*** Data shown Section Begins ***

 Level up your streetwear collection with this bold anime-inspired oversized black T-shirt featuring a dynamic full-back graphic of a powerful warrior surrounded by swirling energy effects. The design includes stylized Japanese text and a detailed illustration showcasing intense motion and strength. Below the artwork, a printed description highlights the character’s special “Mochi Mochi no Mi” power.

*** Data shown Section Ends ***
*** Data shown Section Begins ***

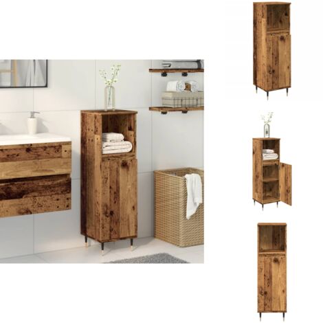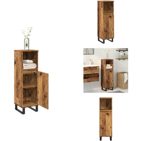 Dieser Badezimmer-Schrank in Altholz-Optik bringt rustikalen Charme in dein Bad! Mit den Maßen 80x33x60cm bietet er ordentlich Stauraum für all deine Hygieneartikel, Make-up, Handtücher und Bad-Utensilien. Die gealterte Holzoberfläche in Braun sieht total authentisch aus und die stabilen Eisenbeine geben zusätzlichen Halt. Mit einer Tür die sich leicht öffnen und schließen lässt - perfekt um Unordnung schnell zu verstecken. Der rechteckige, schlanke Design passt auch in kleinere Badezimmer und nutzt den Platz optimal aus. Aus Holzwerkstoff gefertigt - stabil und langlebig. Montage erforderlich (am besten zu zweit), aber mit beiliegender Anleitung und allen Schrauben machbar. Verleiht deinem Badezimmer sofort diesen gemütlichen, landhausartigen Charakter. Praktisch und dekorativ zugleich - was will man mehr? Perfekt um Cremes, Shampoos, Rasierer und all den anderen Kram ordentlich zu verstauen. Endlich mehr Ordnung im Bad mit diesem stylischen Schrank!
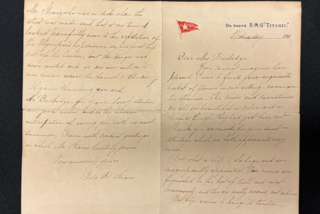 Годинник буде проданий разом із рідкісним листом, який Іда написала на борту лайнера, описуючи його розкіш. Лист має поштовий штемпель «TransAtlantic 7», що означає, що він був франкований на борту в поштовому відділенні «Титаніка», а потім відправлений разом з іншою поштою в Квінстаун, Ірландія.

*** Data shown Section Ends ***

From the data above, retype only the lines starting with the line with "Dieser Badezimmer-Schrank in" and going on through the line with "Годинник буде проданий", exactly, leaving out the pictures.

* [Task response]
 Dieser Badezimmer-Schrank in Altholz-Optik bringt rustikalen Charme in dein Bad! Mit den Maßen 80x33x60cm bietet er ordentlich Stauraum für all deine Hygieneartikel, Make-up, Handtücher und Bad-Utensilien. Die gealterte Holzoberfläche in Braun sieht total authentisch aus und die stabilen Eisenbeine geben zusätzlichen Halt. Mit einer Tür die sich leicht öffnen und schließen lässt - perfekt um Unordnung schnell zu verstecken. Der rechteckige, schlanke Design passt auch in kleinere Badezimmer und nutzt den Platz optimal aus. Aus Holzwerkstoff gefertigt - stabil und langlebig. Montage erforderlich (am besten zu zweit), aber mit beiliegender Anleitung und allen Schrauben machbar. Verleiht deinem Badezimmer sofort diesen gemütlichen, landhausartigen Charakter. Praktisch und dekorativ zugleich - was will man mehr? Perfekt um Cremes, Shampoos, Rasierer und all den anderen Kram ordentlich zu verstauen. Endlich mehr Ordnung im Bad mit diesem stylischen Schrank!
 Годинник буде проданий разом із рідкісним листом, який Іда написала на борту лайнера, описуючи його розкіш. Лист має поштовий штемпель «TransAtlantic 7», що означає, що він був франкований на борту в поштовому відділенні «Титаніка», а потім відправлений разом з іншою поштою в Квінстаун, Ірландія.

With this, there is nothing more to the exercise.